John, alone of the Apostles, remained at the foot of the Cross on Calvary, with Mary. Talk about ‘stand by your man’!

John, at Jesus’ dying request, too Mary into his care.

After the resurrection, John and Peter were the first disciples to rush to the grave.

John was the first Apostle to believe that Jesus had truly risen (John 20:2-10).

With your patron, where do you stand? How do you display your faith? Your loyalty? Your response to being so loved?

After Pentecost, John was a lead player with Peter in founding and guiding our Church. With whom do you stand in the sustaining of our Church. How do you contribute to the health and growth of the Body of Christ? John’s life offers you guidance.
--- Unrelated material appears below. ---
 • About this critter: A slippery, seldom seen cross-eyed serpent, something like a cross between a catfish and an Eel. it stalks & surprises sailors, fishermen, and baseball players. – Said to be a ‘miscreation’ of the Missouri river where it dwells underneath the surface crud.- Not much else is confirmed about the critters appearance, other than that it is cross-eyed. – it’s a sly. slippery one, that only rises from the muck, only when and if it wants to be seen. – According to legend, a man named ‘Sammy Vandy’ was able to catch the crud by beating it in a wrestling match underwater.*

In Acts. John was with Peter at the healing of the lame man in the temple. John was also thrown into prison with Peter because of our faith, our religion, our Church. The prison of freedom of faith. How imprisoned by non- and anti-Catholics do you feel? John went with Peter to solidify the faith of the newly converted in Samaria. By exhibiting and proclaiming their experiences in faith, the witness to the faith infused in baptism and sealed with the fire of the Holy Spirit (for them that was Jerusalem; for you, it was Nashville).
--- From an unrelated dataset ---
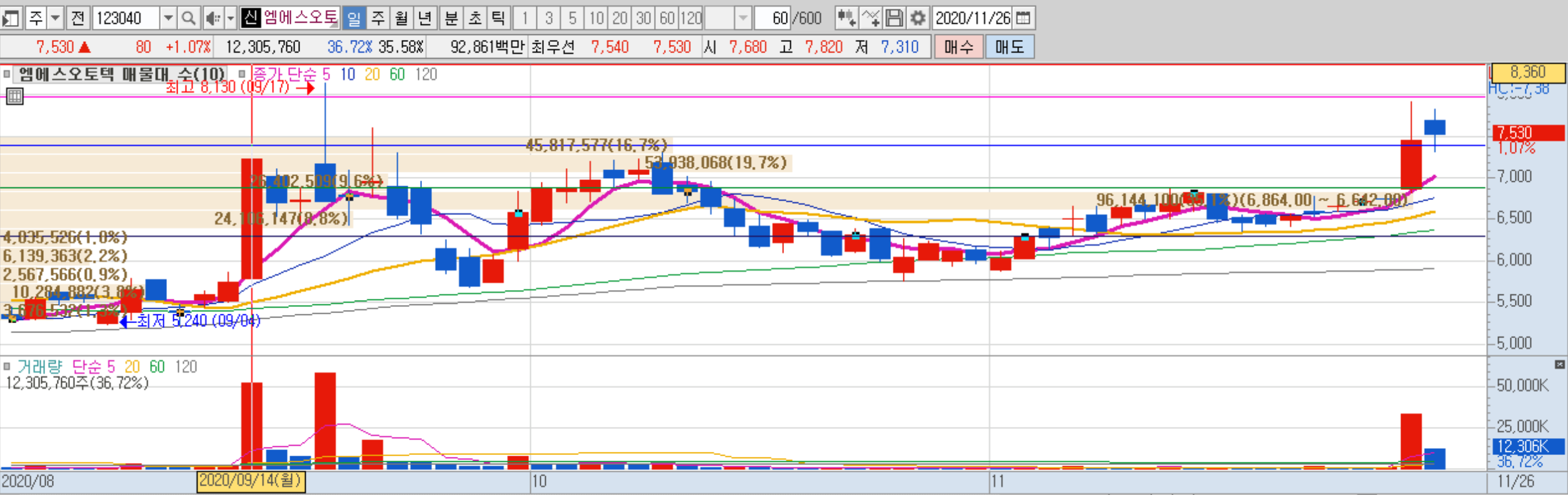 엠에스오토텍은 9월 14일, 9월22일 테슬라 배터리데이를 앞두고 관련주로서 시세를 받은 바 있습니다.

John spread the seed of faith throughout Palestine for about a dozen years, until the persecution of Herod Agrippa. John went, apparently, first to Asia Minor. He was at the Apostolic Council in 51 Anno Domini. By tradition, we have John in Ephesus, Asia Minor. The Roman historian Tertullian has John thrown into a cauldron of boiling oil at the Porta Latina – without harm! John returned to Ephesus where he died, the only Apostle not martyred, about 100 A.D.

John’s constant mantra in the last years of his very long life: “little children, love one another.” Something, I suggest, you might try on yourself each morning in the mirror.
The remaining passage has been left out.